▶ _YOUR ASSIGNMENT_
Return each entry word for word. Leave the images out.

= = =

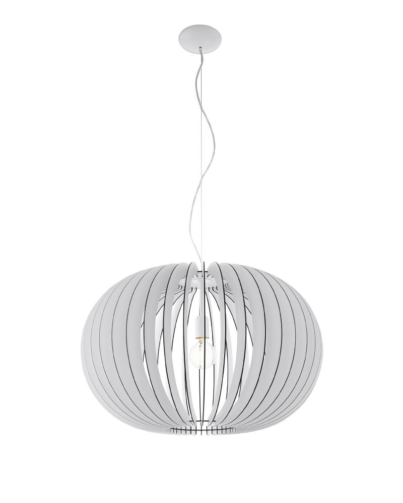 Den flotte lampe består af buede trælameller, som tilsammen omkranser lyskilden. Lyskilden er således synlig, og vi anbefaler derfor, at du vælger en flot pære som fx en glødepære.
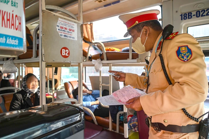 | Cảnh sát kiểm tra một chiếc xe khách giường nằm. Ảnh: Hồng Quang |
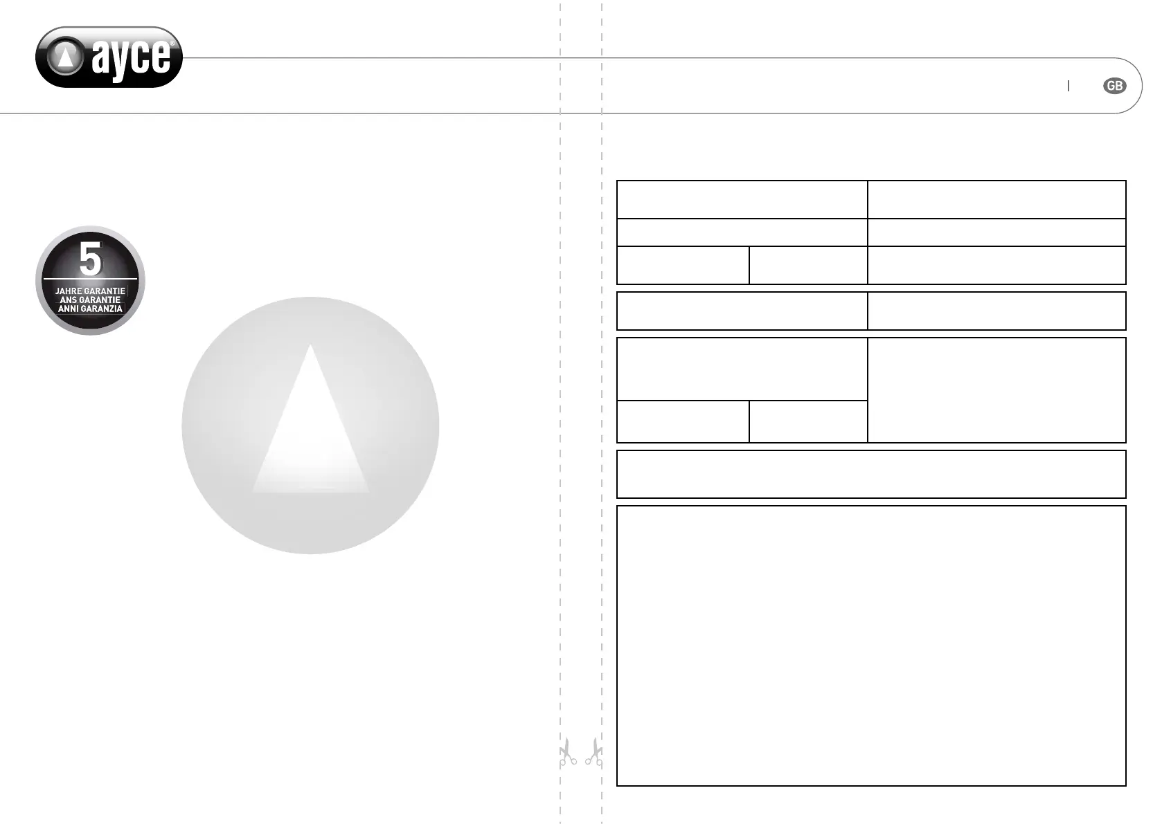Warranty (Please mark with a cross) Sales receipt number/date
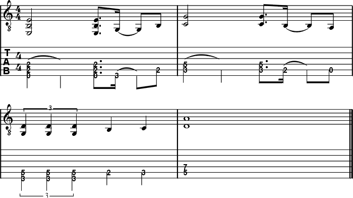 Das Riff arbeitet mit einer illustren Mischung aus Standard-Powerchords und Singlenote-Passagen. Dabei rekrutieren sich sowohl die Chords als auch die verwendeten Einzeltöne aus einer Skala, die von Fach-Chinesen als phrygisches Mode bzw. phrygische Kirchentonleiter bezeichnet wird (E Phrygisch).
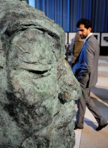 A visitor looks at one of Wu Weishan's sculptures at the United Nations headquarters in New York, the United States, Sept. 4, 2012. Organized by the Chinese Ministry of Culture and the Chinese Permanent Mission to the UN, Sculpting the Soul of a Nation - An International Touring Exhibition of the Art of Wu Weishan·Special Exhibition at the United Nations kicked off here on Tuesday.(Xinhua/Shen Hong) |
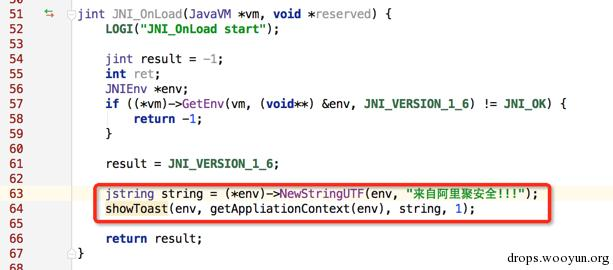 此so文件以“../../../../../../../../../../data/data/mobi.mgeek.TunnyBrowser/files/libdolphin.so”的形式存在恶意ZIP文件中。海豚浏览器解压恶意ZIP文件后,重新的libdolphin.so就会覆盖掉原有的so文件,重新运行海豚浏览器会弹出Toast提示框:

= = =

▶ _ANSWER BOX_
 Den flotte lampe består af buede trælameller, som tilsammen omkranser lyskilden. Lyskilden er således synlig, og vi anbefaler derfor, at du vælger en flot pære som fx en glødepære.
 | Cảnh sát kiểm tra một chiếc xe khách giường nằm. Ảnh: Hồng Quang |
Warranty (Please mark with a cross) Sales receipt number/date
 Das Riff arbeitet mit einer illustren Mischung aus Standard-Powerchords und Singlenote-Passagen. Dabei rekrutieren sich sowohl die Chords als auch die verwendeten Einzeltöne aus einer Skala, die von Fach-Chinesen als phrygisches Mode bzw. phrygische Kirchentonleiter bezeichnet wird (E Phrygisch).
 A visitor looks at one of Wu Weishan's sculptures at the United Nations headquarters in New York, the United States, Sept. 4, 2012. Organized by the Chinese Ministry of Culture and the Chinese Permanent Mission to the UN, Sculpting the Soul of a Nation - An International Touring Exhibition of the Art of Wu Weishan·Special Exhibition at the United Nations kicked off here on Tuesday.(Xinhua/Shen Hong) |
 此so文件以“../../../../../../../../../../data/data/mobi.mgeek.TunnyBrowser/files/libdolphin.so”的形式存在恶意ZIP文件中。海豚浏览器解压恶意ZIP文件后,重新的libdolphin.so就会覆盖掉原有的so文件,重新运行海豚浏览器会弹出Toast提示框:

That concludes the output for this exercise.